Exercise:
Go to the line holding "Figura 08 - Cartaz sobre o Caso Eloá" in the data below. Return it and each line after it through the last, exactly, and skip the pictures.

Stored items from a collection
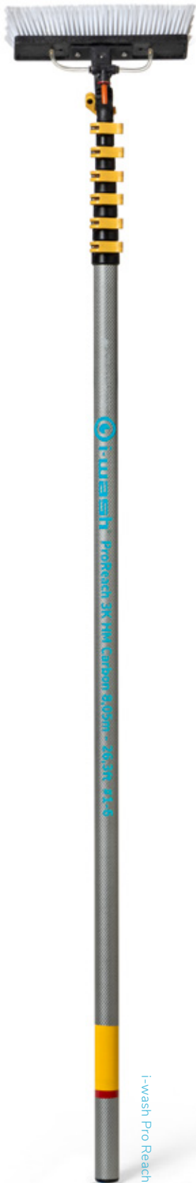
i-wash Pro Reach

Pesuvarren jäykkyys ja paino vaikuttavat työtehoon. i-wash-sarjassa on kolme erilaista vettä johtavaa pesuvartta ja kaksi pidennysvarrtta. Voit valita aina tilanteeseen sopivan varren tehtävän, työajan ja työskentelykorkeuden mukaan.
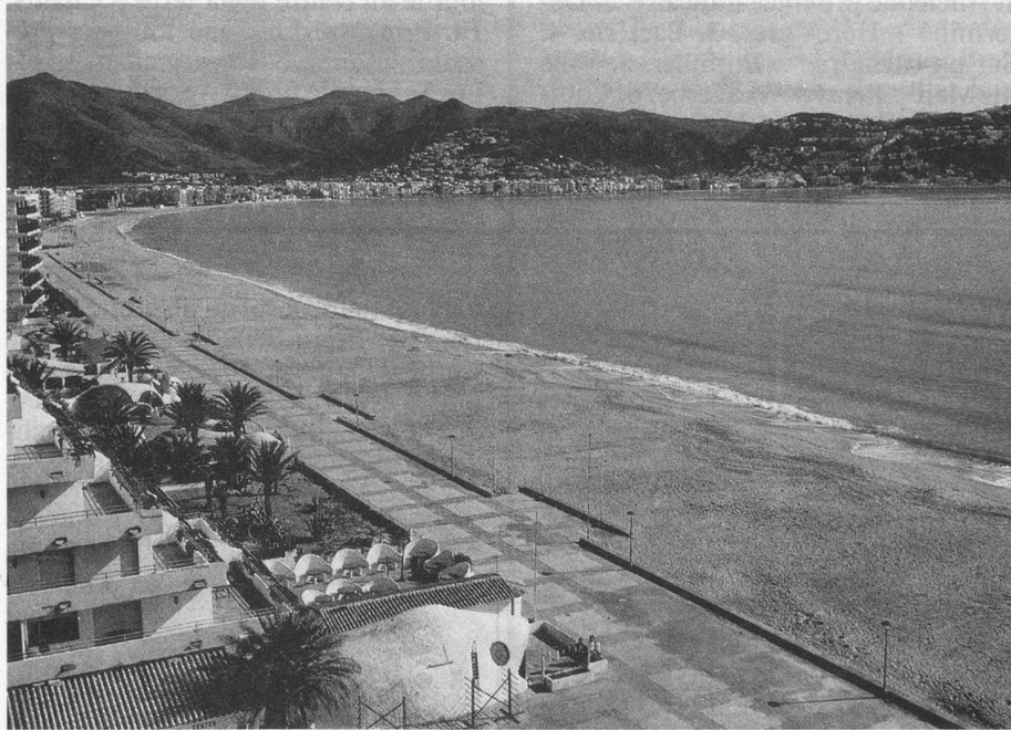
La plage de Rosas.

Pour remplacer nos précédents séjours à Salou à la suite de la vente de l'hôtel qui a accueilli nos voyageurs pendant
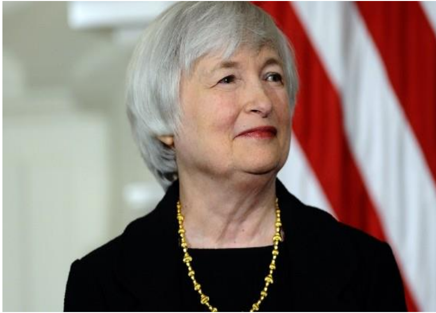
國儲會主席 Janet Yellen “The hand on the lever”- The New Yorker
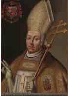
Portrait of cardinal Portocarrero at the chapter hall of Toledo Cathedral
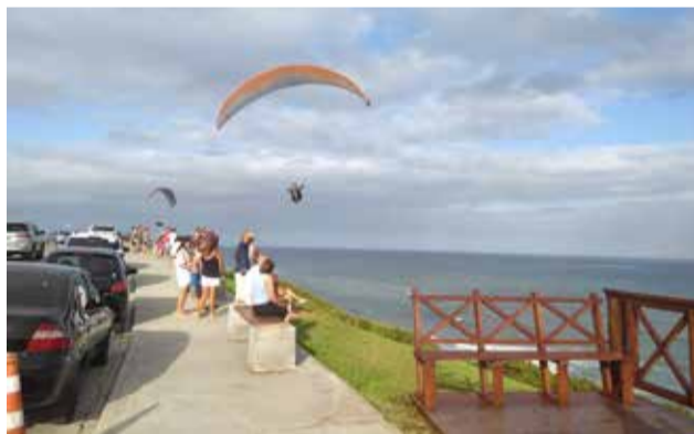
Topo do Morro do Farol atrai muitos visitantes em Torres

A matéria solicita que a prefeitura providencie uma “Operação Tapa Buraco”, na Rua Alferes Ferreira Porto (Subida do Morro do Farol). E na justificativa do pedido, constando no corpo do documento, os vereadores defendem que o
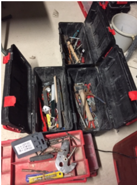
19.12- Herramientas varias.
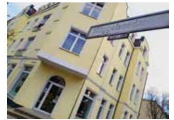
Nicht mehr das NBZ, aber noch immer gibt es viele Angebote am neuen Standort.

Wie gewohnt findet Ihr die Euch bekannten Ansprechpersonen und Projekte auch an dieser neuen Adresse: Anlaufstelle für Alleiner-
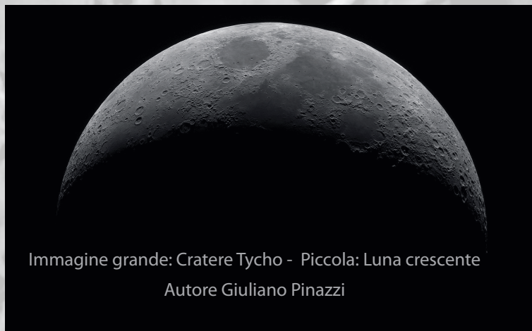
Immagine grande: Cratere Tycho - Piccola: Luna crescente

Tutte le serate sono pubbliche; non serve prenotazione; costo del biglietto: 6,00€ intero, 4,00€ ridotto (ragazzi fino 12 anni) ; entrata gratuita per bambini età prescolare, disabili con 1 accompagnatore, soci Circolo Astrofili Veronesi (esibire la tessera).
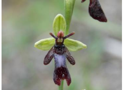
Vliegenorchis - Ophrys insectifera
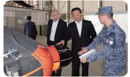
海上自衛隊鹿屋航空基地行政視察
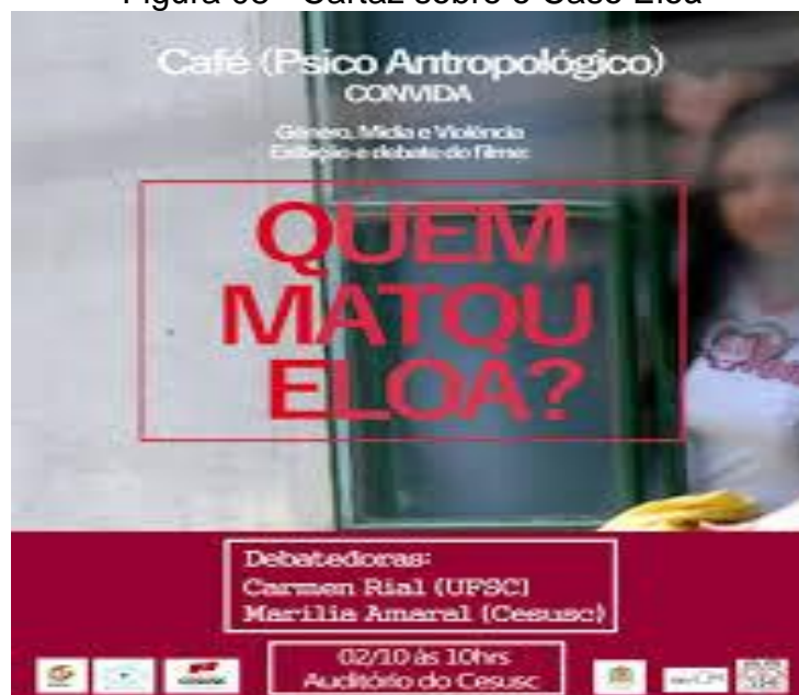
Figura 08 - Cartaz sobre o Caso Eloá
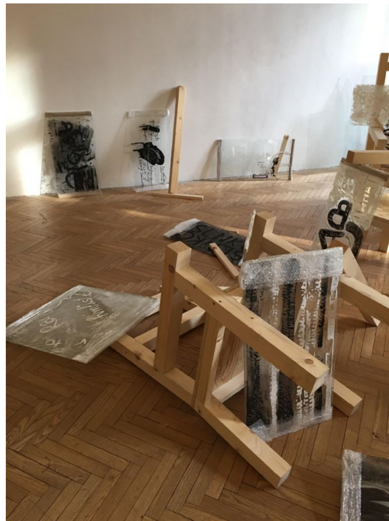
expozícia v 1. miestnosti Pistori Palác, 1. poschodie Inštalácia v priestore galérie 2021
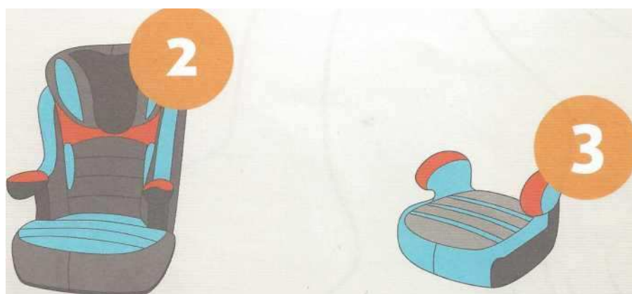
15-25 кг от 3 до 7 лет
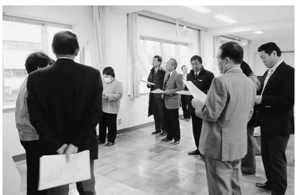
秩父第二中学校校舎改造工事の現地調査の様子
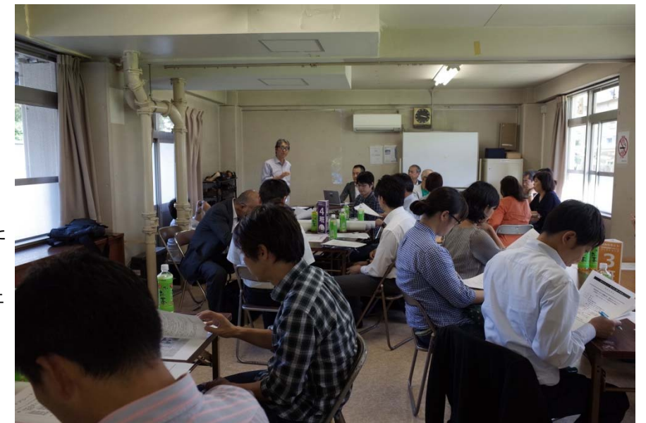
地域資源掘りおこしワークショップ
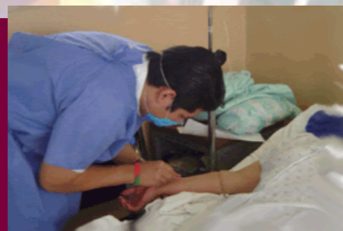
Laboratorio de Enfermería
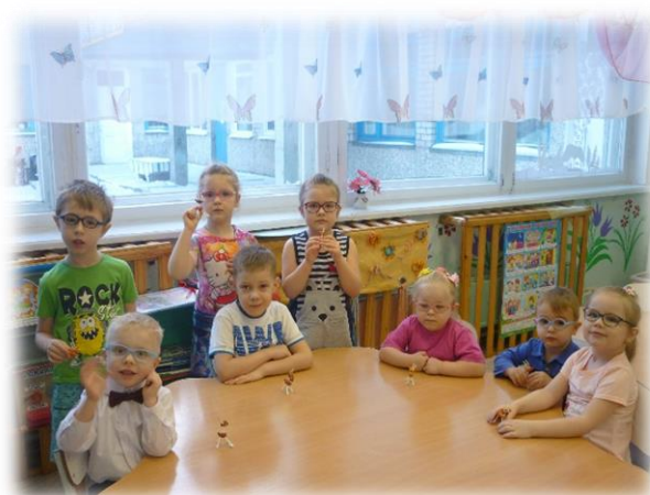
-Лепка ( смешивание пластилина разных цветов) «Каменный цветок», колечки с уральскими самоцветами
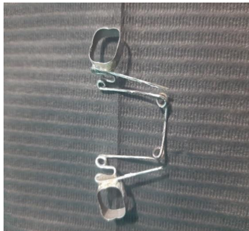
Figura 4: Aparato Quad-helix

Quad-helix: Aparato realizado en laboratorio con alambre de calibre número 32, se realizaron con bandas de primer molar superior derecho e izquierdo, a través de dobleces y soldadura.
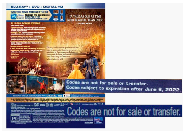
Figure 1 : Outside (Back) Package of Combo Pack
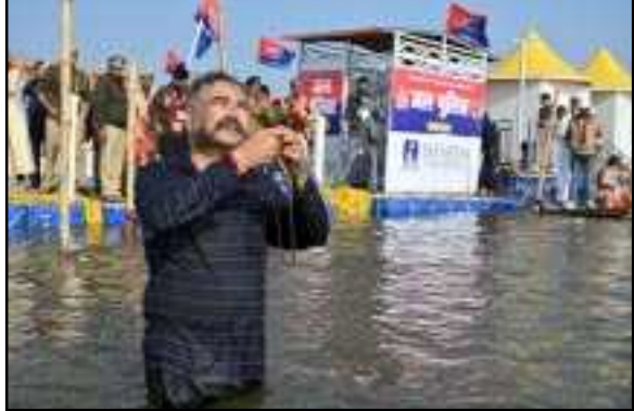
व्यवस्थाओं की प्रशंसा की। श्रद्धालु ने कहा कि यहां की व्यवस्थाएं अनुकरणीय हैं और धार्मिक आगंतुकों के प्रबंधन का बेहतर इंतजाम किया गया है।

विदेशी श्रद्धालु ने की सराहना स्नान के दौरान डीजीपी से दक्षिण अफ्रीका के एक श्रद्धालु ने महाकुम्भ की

Expected answer:
Figura 08 - Cartaz sobre o Caso Eloá
expozícia v 1. miestnosti Pistori Palác, 1. poschodie Inštalácia v priestore galérie 2021
15-25 кг от 3 до 7 лет
秩父第二中学校校舎改造工事の現地調査の様子
地域資源掘りおこしワークショップ
Laboratorio de Enfermería
-Лепка ( смешивание пластилина разных цветов) «Каменный цветок», колечки с уральскими самоцветами
Figura 4: Aparato Quad-helix

Quad-helix: Aparato realizado en laboratorio con alambre de calibre número 32, se realizaron con bandas de primer molar superior derecho e izquierdo, a través de dobleces y soldadura.
Figure 1 : Outside (Back) Package of Combo Pack
व्यवस्थाओं की प्रशंसा की। श्रद्धालु ने कहा कि यहां की व्यवस्थाएं अनुकरणीय हैं और धार्मिक आगंतुकों के प्रबंधन का बेहतर इंतजाम किया गया है।

विदेशी श्रद्धालु ने की सराहना स्नान के दौरान डीजीपी से दक्षिण अफ्रीका के एक श्रद्धालु ने महाकुम्भ की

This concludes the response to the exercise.